You start with 2 litres of water and $x$ litres (say we measure by volume) of "non water". The percentage of water is
$ \frac{2}{2 + x} = 99\% = \frac{99}{99+1}$
You solve this to get that $x : 1 = 2 : 99$ or that $x = 2/99$.
After drying, you have $y$ litres of water and $x$ litres of "non water". Since the non-water bits don't dry, the $x$ is same as before: that is $x = 2/99$. The percentage of water is
$ \frac{y}{y+x} = \frac{y}{y+ 2/99} = 98\% = \frac{98}{98 + 2} $
So solving this you get that $y : 98 = 2/99 : 2 = 1 : 99$. Or, in other words, $y = 98 /99 \approx 1$. That's how much water you have left.

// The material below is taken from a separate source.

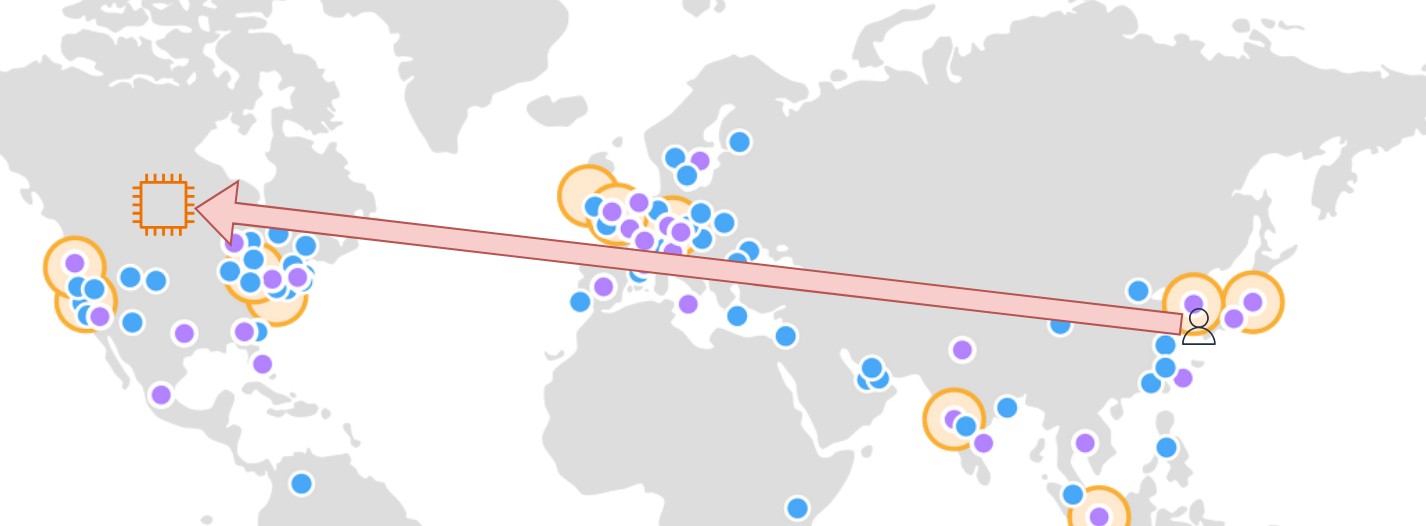 반면, Cloudfront를 통해 us-east-1의 웹서버를 배포한 경우, 접속자 근처 엣지 로케이션에 저장된 캐시데이터를 가져와 직접 us-east-1에 있는 서버까지 연결하는 것 보다 훨씬 빠르게 컨텐츠에 액세스할 수 있다.

To intuitively understand the problem, it is more helpful to think of the proportion of "non-water". The non water started out at 1%. It ended up in 2%. Since the amount of "non water" didn't change, to have its proportion go from 1% to 2% means that the total volume must have decreased by half.
$ \frac{\text{non water}}{\text{total starting volume}} = 1\% \longrightarrow \frac{\text{non water}}{\text{total final volume}} = 2\% $
Since the watermelon started out almost all water, for the total volume to decrease by half you must lose at least (and almost exactly) half of the water.